| EXERCISE PROMPT |
Copy out each line of the material exactly. Pictures do not belong in the copy.

| DATA SHOWN |
● ● ● ● ● ● ●

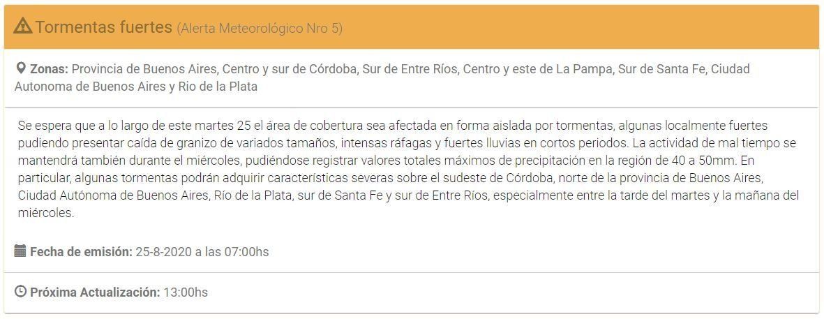 Según se lee en la alerta emitida por las autoridades, algunas tormentas podrían ser "localmente fuertes" y hasta "presentar caída de granizo de variados tamaños, intensas ráfagas y fuertes lluvias en cortos periodos".
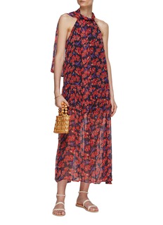 系上系带,花卉犹如瀑布从颈肩流落,在黑夜间嘤啭。娜塔莉·马丁(Natalie Martin)是一位洛杉矶时装设计师,其同名系列于2011年推出。受巴厘岛的古老蜡染印花艺术启发,Natalie 与当地工匠合作,用传统的蜡染和手工丝网印刷实现了其对独特面料和印花的不断追求,每一件作品都满灌着她松弛而有魅力的个性风格。
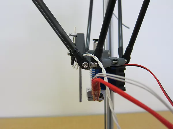 次に、アルミ棒を引き上げ、Zプローブのストッパー部にアルミ棒のL字短辺を引っ掛けます。この時、アルミ棒L字長辺の先端が、ホットエンドのノズル先端よりも上にある事を確認します。下になっている場合、ニッパーでアルミ棒の先端をカットして調整します。少しずつ調整し、上の写真の時はノズル先端よりも下、下の写真の時はノズルより上になるようにします。
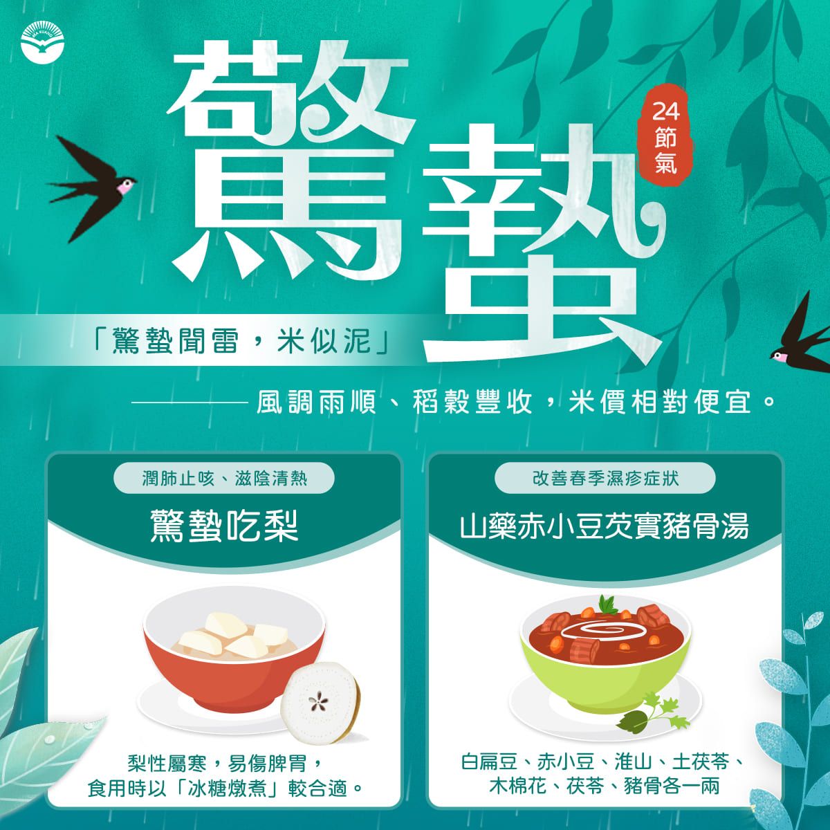 【驚蟄/養生/飲食/湯水/中醫】台灣中醫師王大元在Facebook發文,表示「驚蟄」(5日)是春雷初響的日子,蟄伏在泥土中的昆蟲準備甦醒,象徵一切萬物生意盎然。然而此時百花齊放和濕氣變重,花粉漫天飛舞,容易導致過敏性鼻炎和哮喘發作,因此要把口罩戴好。此外,病菌也蠢蠢欲動,像是輪狀病毒和腸病毒也會開始變多,加上濕度增加,也要多注意皮膚炎的發生。

● ● ● ● ● ● ●

| ANSWER BOX |
 Según se lee en la alerta emitida por las autoridades, algunas tormentas podrían ser "localmente fuertes" y hasta "presentar caída de granizo de variados tamaños, intensas ráfagas y fuertes lluvias en cortos periodos".
 系上系带,花卉犹如瀑布从颈肩流落,在黑夜间嘤啭。娜塔莉·马丁(Natalie Martin)是一位洛杉矶时装设计师,其同名系列于2011年推出。受巴厘岛的古老蜡染印花艺术启发,Natalie 与当地工匠合作,用传统的蜡染和手工丝网印刷实现了其对独特面料和印花的不断追求,每一件作品都满灌着她松弛而有魅力的个性风格。
 次に、アルミ棒を引き上げ、Zプローブのストッパー部にアルミ棒のL字短辺を引っ掛けます。この時、アルミ棒L字長辺の先端が、ホットエンドのノズル先端よりも上にある事を確認します。下になっている場合、ニッパーでアルミ棒の先端をカットして調整します。少しずつ調整し、上の写真の時はノズル先端よりも下、下の写真の時はノズルより上になるようにします。
 【驚蟄/養生/飲食/湯水/中醫】台灣中醫師王大元在Facebook發文,表示「驚蟄」(5日)是春雷初響的日子,蟄伏在泥土中的昆蟲準備甦醒,象徵一切萬物生意盎然。然而此時百花齊放和濕氣變重,花粉漫天飛舞,容易導致過敏性鼻炎和哮喘發作,因此要把口罩戴好。此外,病菌也蠢蠢欲動,像是輪狀病毒和腸病毒也會開始變多,加上濕度增加,也要多注意皮膚炎的發生。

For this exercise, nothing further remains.